*** Data for this exercise Section Begins ***

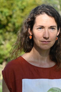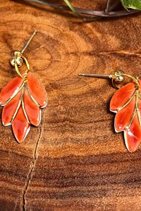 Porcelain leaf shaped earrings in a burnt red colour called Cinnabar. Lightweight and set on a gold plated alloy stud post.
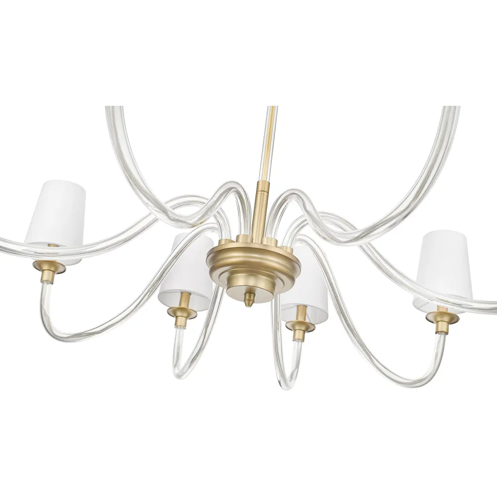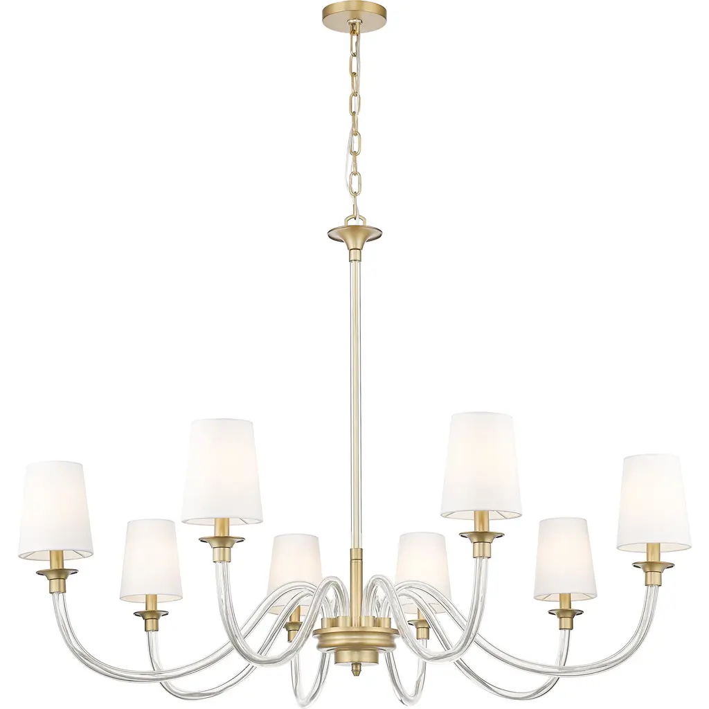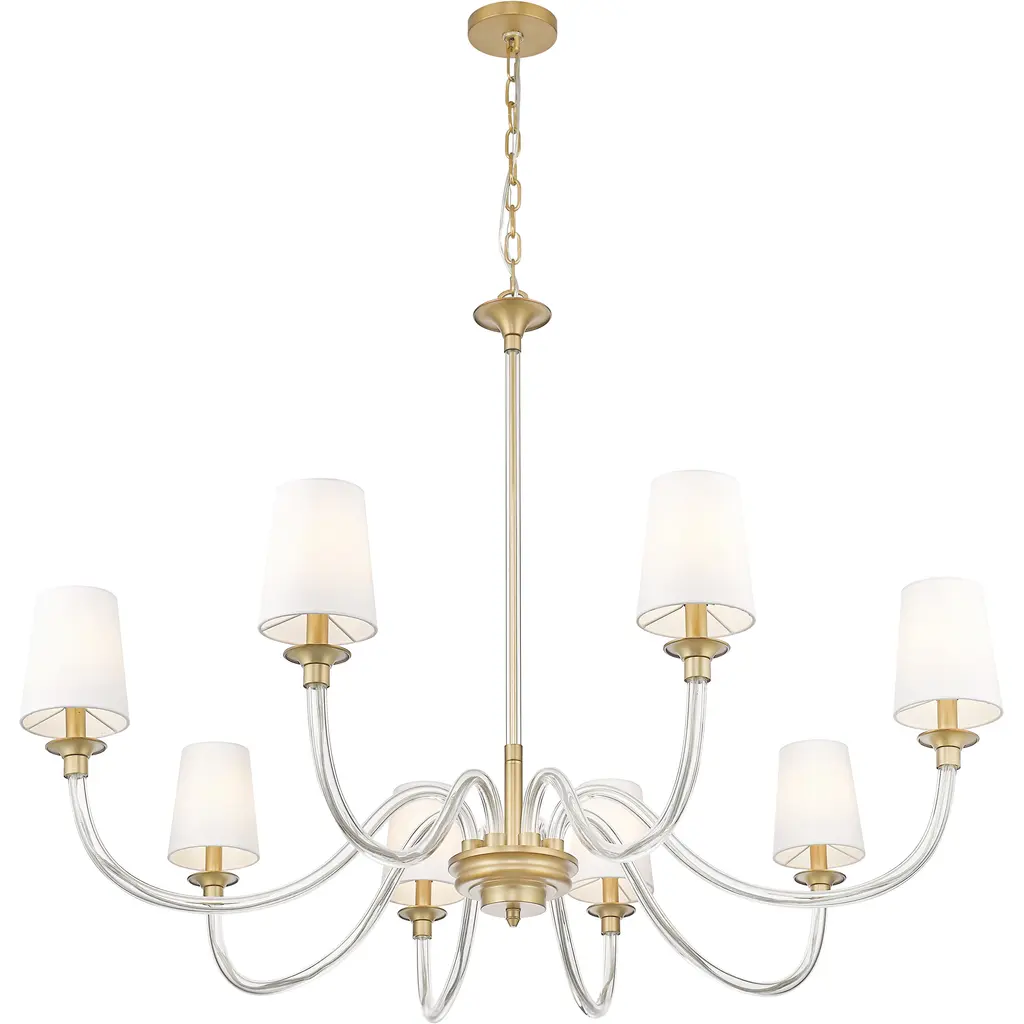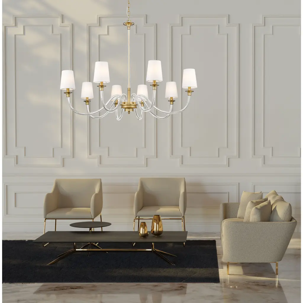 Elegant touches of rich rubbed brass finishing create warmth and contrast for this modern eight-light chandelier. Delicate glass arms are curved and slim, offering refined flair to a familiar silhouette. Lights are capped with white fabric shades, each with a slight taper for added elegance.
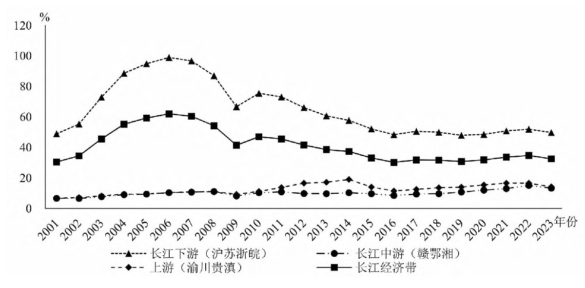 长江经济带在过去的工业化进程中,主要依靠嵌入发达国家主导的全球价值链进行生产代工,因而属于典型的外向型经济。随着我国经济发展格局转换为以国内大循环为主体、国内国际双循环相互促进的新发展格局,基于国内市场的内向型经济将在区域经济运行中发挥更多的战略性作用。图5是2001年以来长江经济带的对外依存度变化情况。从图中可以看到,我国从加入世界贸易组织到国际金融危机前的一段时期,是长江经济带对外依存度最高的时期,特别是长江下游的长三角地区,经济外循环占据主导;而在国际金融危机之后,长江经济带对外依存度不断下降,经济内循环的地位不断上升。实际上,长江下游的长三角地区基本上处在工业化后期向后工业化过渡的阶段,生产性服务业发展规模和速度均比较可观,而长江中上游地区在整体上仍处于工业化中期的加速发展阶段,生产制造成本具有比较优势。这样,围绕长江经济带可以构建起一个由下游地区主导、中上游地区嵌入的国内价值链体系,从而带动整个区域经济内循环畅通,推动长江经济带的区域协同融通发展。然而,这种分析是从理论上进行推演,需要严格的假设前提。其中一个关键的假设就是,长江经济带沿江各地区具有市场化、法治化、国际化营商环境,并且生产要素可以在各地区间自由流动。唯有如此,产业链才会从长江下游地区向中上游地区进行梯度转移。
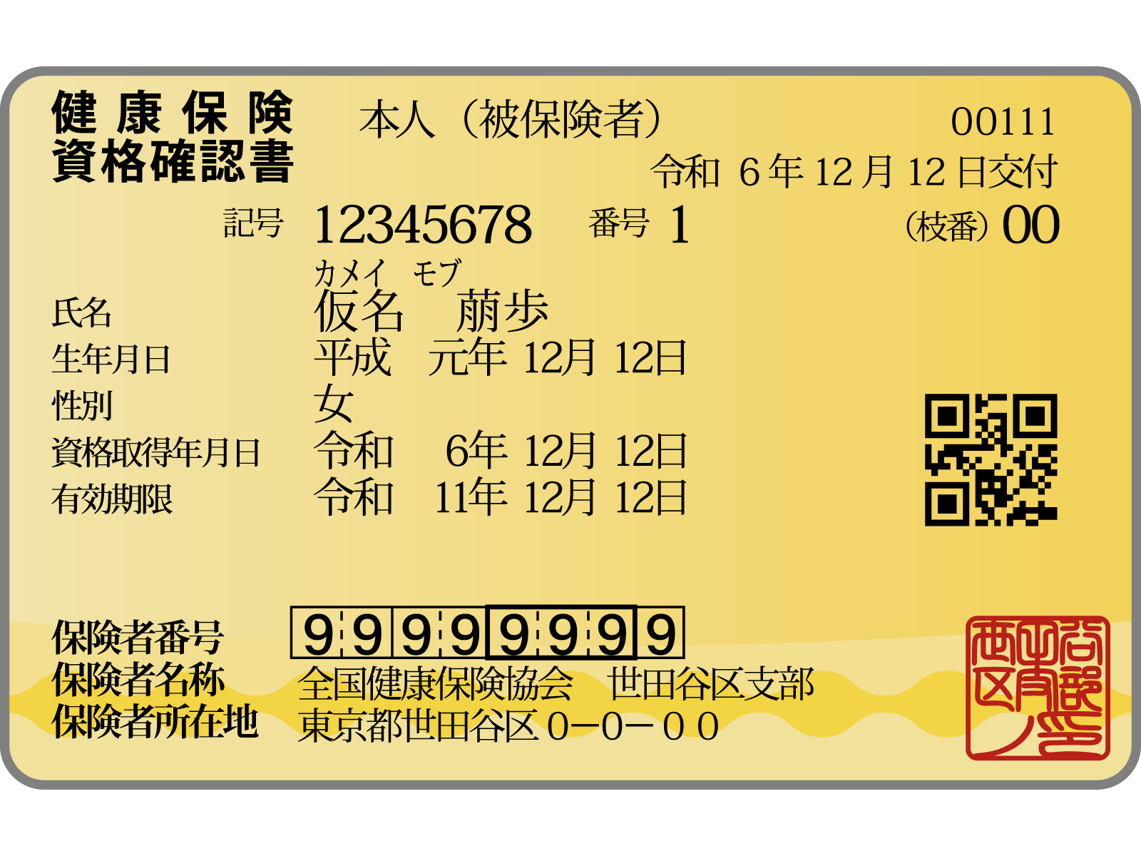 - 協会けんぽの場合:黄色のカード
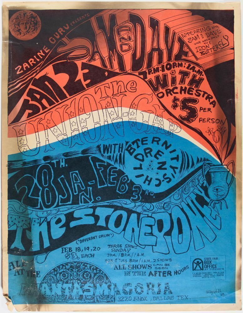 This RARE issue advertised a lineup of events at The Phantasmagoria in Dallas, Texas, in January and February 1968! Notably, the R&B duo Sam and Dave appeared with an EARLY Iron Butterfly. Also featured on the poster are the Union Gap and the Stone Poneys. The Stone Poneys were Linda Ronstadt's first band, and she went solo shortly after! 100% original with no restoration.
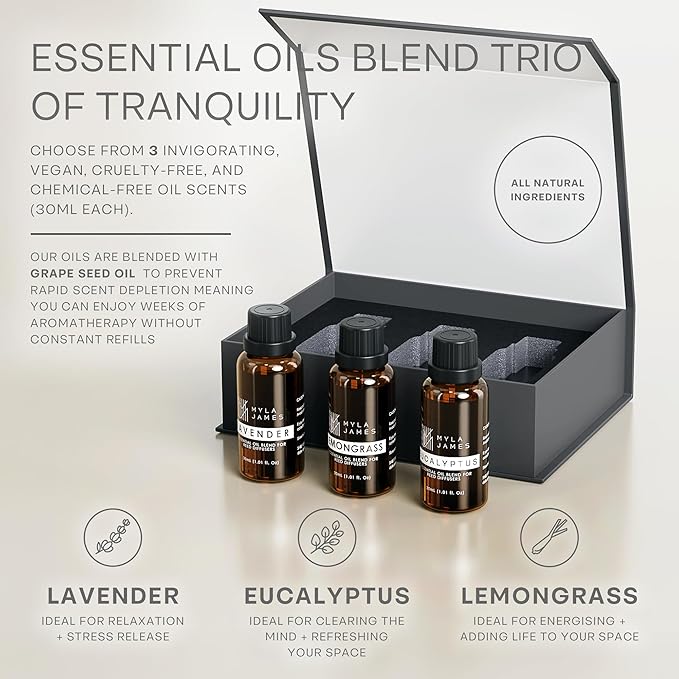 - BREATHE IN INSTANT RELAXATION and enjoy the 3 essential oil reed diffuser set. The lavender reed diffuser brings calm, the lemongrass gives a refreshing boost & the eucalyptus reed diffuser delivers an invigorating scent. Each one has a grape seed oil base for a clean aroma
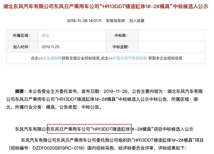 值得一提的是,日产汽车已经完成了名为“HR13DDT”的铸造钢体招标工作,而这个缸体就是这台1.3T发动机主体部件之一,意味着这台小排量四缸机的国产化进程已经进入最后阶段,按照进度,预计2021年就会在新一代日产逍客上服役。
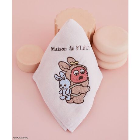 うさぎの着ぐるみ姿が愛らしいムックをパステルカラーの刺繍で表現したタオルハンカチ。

*** Data for this exercise Section Ends ***

What the task requires - Return each record as written, minus its images.

Answer for this exercise -
 Porcelain leaf shaped earrings in a burnt red colour called Cinnabar. Lightweight and set on a gold plated alloy stud post.
 Elegant touches of rich rubbed brass finishing create warmth and contrast for this modern eight-light chandelier. Delicate glass arms are curved and slim, offering refined flair to a familiar silhouette. Lights are capped with white fabric shades, each with a slight taper for added elegance.
 长江经济带在过去的工业化进程中,主要依靠嵌入发达国家主导的全球价值链进行生产代工,因而属于典型的外向型经济。随着我国经济发展格局转换为以国内大循环为主体、国内国际双循环相互促进的新发展格局,基于国内市场的内向型经济将在区域经济运行中发挥更多的战略性作用。图5是2001年以来长江经济带的对外依存度变化情况。从图中可以看到,我国从加入世界贸易组织到国际金融危机前的一段时期,是长江经济带对外依存度最高的时期,特别是长江下游的长三角地区,经济外循环占据主导;而在国际金融危机之后,长江经济带对外依存度不断下降,经济内循环的地位不断上升。实际上,长江下游的长三角地区基本上处在工业化后期向后工业化过渡的阶段,生产性服务业发展规模和速度均比较可观,而长江中上游地区在整体上仍处于工业化中期的加速发展阶段,生产制造成本具有比较优势。这样,围绕长江经济带可以构建起一个由下游地区主导、中上游地区嵌入的国内价值链体系,从而带动整个区域经济内循环畅通,推动长江经济带的区域协同融通发展。然而,这种分析是从理论上进行推演,需要严格的假设前提。其中一个关键的假设就是,长江经济带沿江各地区具有市场化、法治化、国际化营商环境,并且生产要素可以在各地区间自由流动。唯有如此,产业链才会从长江下游地区向中上游地区进行梯度转移。
 - 協会けんぽの場合:黄色のカード
 This RARE issue advertised a lineup of events at The Phantasmagoria in Dallas, Texas, in January and February 1968! Notably, the R&B duo Sam and Dave appeared with an EARLY Iron Butterfly. Also featured on the poster are the Union Gap and the Stone Poneys. The Stone Poneys were Linda Ronstadt's first band, and she went solo shortly after! 100% original with no restoration.
 - BREATHE IN INSTANT RELAXATION and enjoy the 3 essential oil reed diffuser set. The lavender reed diffuser brings calm, the lemongrass gives a refreshing boost & the eucalyptus reed diffuser delivers an invigorating scent. Each one has a grape seed oil base for a clean aroma
 值得一提的是,日产汽车已经完成了名为“HR13DDT”的铸造钢体招标工作,而这个缸体就是这台1.3T发动机主体部件之一,意味着这台小排量四缸机的国产化进程已经进入最后阶段,按照进度,预计2021年就会在新一代日产逍客上服役。
 うさぎの着ぐるみ姿が愛らしいムックをパステルカラーの刺繍で表現したタオルハンカチ。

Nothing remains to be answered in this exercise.